**Exercise goal:** Output only the lines below from the one holding "Gewachste Zahnseide mit" down to the one holding "Reclaimed Wine Barrel", both end lines included and every picture dropped.

**Source records:**
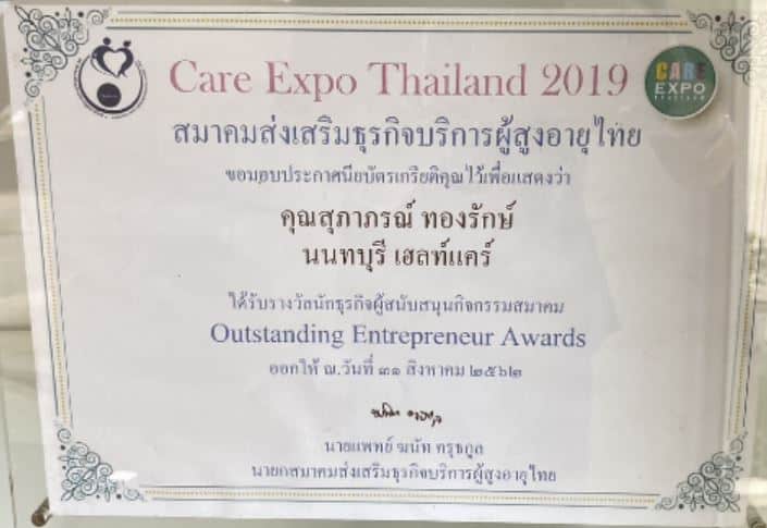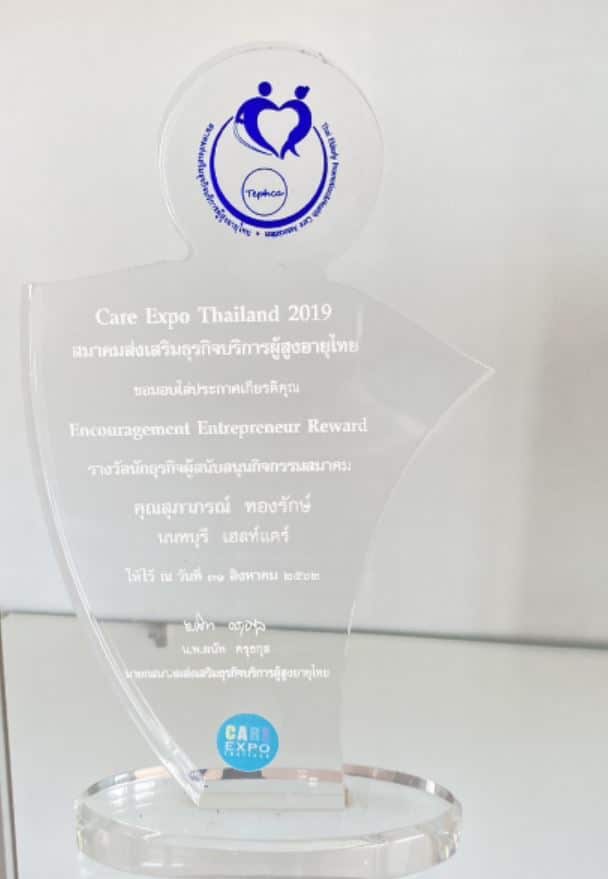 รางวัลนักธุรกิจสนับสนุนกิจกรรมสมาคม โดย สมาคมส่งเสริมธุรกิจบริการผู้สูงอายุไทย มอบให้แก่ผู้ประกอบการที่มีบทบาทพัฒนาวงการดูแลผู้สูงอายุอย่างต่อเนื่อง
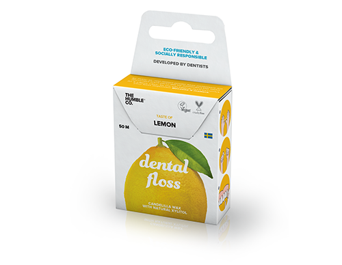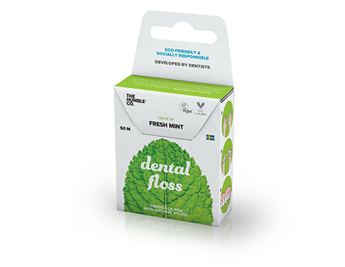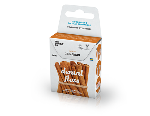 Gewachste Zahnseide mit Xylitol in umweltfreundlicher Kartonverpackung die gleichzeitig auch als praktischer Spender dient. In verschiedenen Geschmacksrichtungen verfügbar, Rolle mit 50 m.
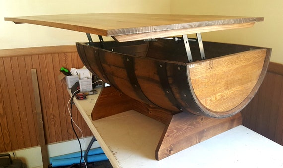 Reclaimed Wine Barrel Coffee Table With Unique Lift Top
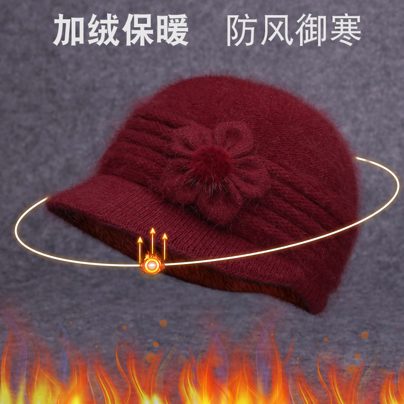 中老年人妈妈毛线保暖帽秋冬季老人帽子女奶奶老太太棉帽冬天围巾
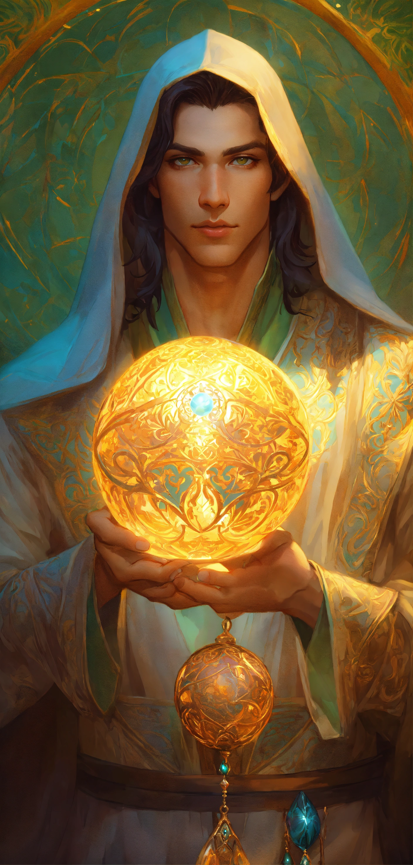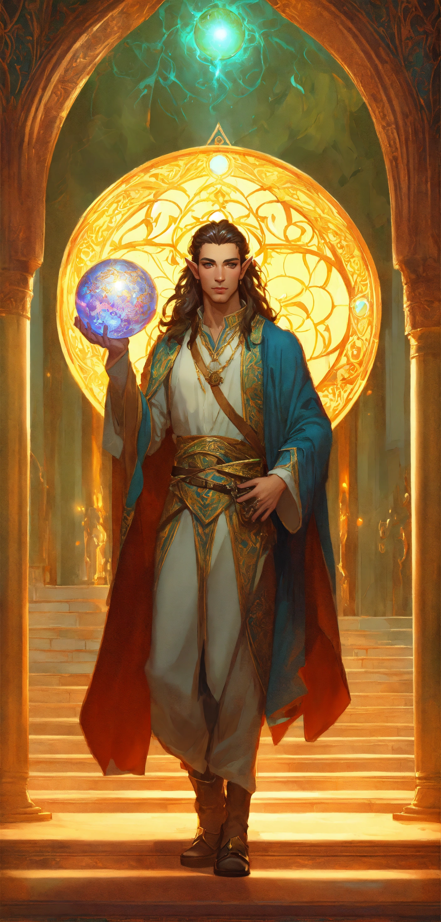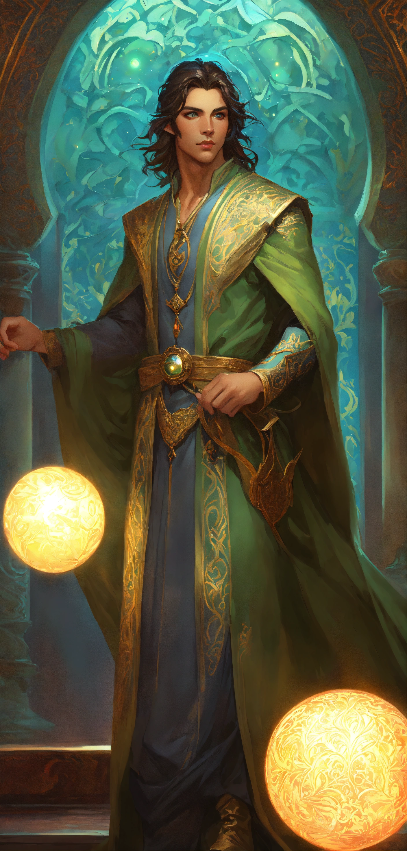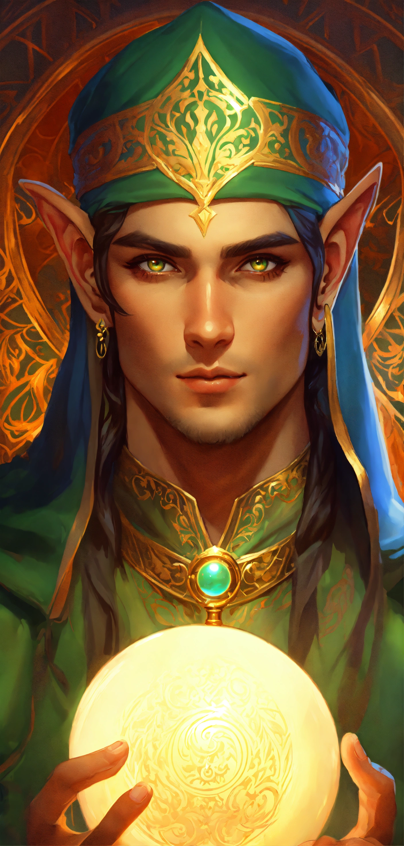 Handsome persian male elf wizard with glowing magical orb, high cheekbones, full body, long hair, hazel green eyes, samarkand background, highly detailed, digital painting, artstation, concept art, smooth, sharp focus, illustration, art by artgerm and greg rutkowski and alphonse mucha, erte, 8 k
==
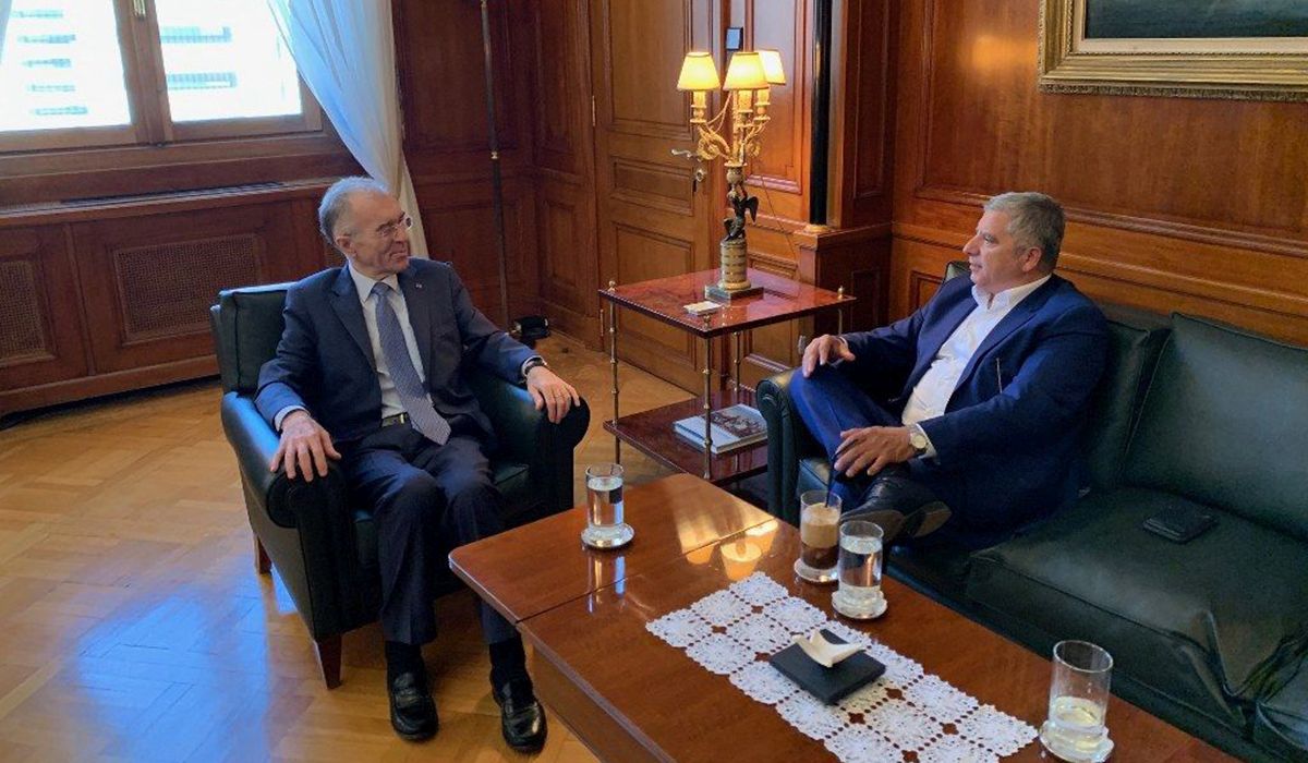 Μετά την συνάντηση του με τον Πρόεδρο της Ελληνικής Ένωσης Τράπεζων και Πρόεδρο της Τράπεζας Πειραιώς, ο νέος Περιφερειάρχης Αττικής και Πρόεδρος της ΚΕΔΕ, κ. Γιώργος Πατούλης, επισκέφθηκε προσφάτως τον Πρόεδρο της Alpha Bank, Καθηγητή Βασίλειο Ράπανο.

**Task output:**
 Gewachste Zahnseide mit Xylitol in umweltfreundlicher Kartonverpackung die gleichzeitig auch als praktischer Spender dient. In verschiedenen Geschmacksrichtungen verfügbar, Rolle mit 50 m.
 Reclaimed Wine Barrel Coffee Table With Unique Lift Top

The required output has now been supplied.